A previsualization of how a moment using the PTS feature might look and feel. This previz was missing how the targets would be displayed to the player.

Action

Working closely with the design team, my primary focus was translating the high-level concept into a testable, iterative environment.

My Key Contributions:

  • Prototyping & Environment: I handled the level blocking and environmental setup for both the previs and the first working prototype. With limited resources, I ensured that the previs and prototype effectively conveyed our PTS vision.

  • Pacing & Animation Theater: I implemented and iterated on the foundational cinematic timing and A-pose theater within our in-house tool, Storyteller, which allowed the team to begin testing critical aspects of pacing and narrative flow immediately.

  • System Implementation (PTS Hookup): I executed the first integration of the Point Targeting System (PTS). This involved hooking up the UI component and player input to the system's core logic, culminating in the first prototype ready for team testing.

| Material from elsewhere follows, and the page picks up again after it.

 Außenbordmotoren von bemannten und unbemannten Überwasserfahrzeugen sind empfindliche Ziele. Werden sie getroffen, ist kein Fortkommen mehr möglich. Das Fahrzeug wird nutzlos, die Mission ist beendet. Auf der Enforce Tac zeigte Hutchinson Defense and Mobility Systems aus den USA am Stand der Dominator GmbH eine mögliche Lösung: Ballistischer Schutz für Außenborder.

  • Advocacy & Goal Clarification: I advocated using this initial "shoot-out" prototype as a pure system proof-of-concept. This was an initial move to leverage the intensity of a shoot-out to effectively demonstrate the system's technical feasibility and potential for cinematic gameplay, aligning the team on its utility for subtler, non-combat interactions later in the game. Crucially, I sought to decouple player interaction from the cinematic camera's control, enabling the right joystick to handle subtle target acquisition, thereby solving the potential 'overly gamified' problem while keeping the cinematic framing dominant.

Results

We successfully delivered a functional prototype of the Point Targeting System (PTS) that validated key design assumptions and informed the direction of future gameplay moments in The Expanse: A Telltale Series.

Tangible Outcomes:

  • Validated System Framework: The prototype proved that a spatially animated target system could be successfully coupled with player input and UI overlays within our in-house tools, maintaining a high level of cinematic fidelity.

  • Iterative Power: The iterative power of the setup significantly reduced the feedback loop time for designers, allowing rapid, on-the-fly testing of timing and target placement.

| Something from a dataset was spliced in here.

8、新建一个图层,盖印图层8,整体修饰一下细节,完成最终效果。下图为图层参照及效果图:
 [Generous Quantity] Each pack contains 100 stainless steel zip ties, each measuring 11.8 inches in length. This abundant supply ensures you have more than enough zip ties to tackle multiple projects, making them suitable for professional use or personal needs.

  • Systemic Foundation: The workflow and core components established for the PTS framework were designated as the technical foundation for future high-stakes interactive moments. This foundation was directly adapted to create the pivotal, high-tension, non-combat sequence at the end of Episode 1, "The Ladder."

Key Lessons Learned:

  • Clarity in Inspiration: We had selected Time Crisis because it technically resembled what we wanted to demonstrate in a PTS system. However, the genre feel didn't align with the full narrative-appropriate scenarios of our game. This caused the reception of the prototype to be mixed, requiring more justification and explanation for its benefit in creating gameplay moments.

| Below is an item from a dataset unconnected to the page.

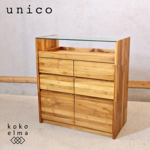 ¥55,000Yahoo!ショッピングunico ウニコ BREATH ブレス チーク無垢材 コレクションチェスト ショーケース ローチェスト ナチュラル 北欧スタイル 店舗什器 FD333

  • Proactive Communication: The ability to rapidly prototype and advocate for the system's utility—even through an initially genre-mismatched scenario—proved essential for cutting through design ambiguity and securing alignment on the systemic approach.

  • Process Limitation Discovered: While the system enabled rapid iteration on timing, we realized that the underlying cinematic sequence was still constrained by pre-staged animation. This key finding informed later pipeline development, stressing the need for PTS moments to be integrated during the script-writing phase—a critical lesson for future systemic feature development.

Short recording of the PTS prototype in action.

Example of how the PTS feature was implemented in The Expanse: A Telltale Series Episode 2

Conclusion

This prototype phase was instrumental in demonstrating that a point-targeting system could be seamlessly integrated into our cinematic pipeline. The true extent of its benefit—using the system for narrative tension rather than just combat—was fully realized during the development of "The Ladder," which ultimately informed our approach to interactive storytelling going forward.

Art Director Antony Jones provided this draw over as an example use of the PTS system used in a shoot out fight.

Tomas Aguilar provided this mockup as an example use of the PTS system use in a melee combat fight.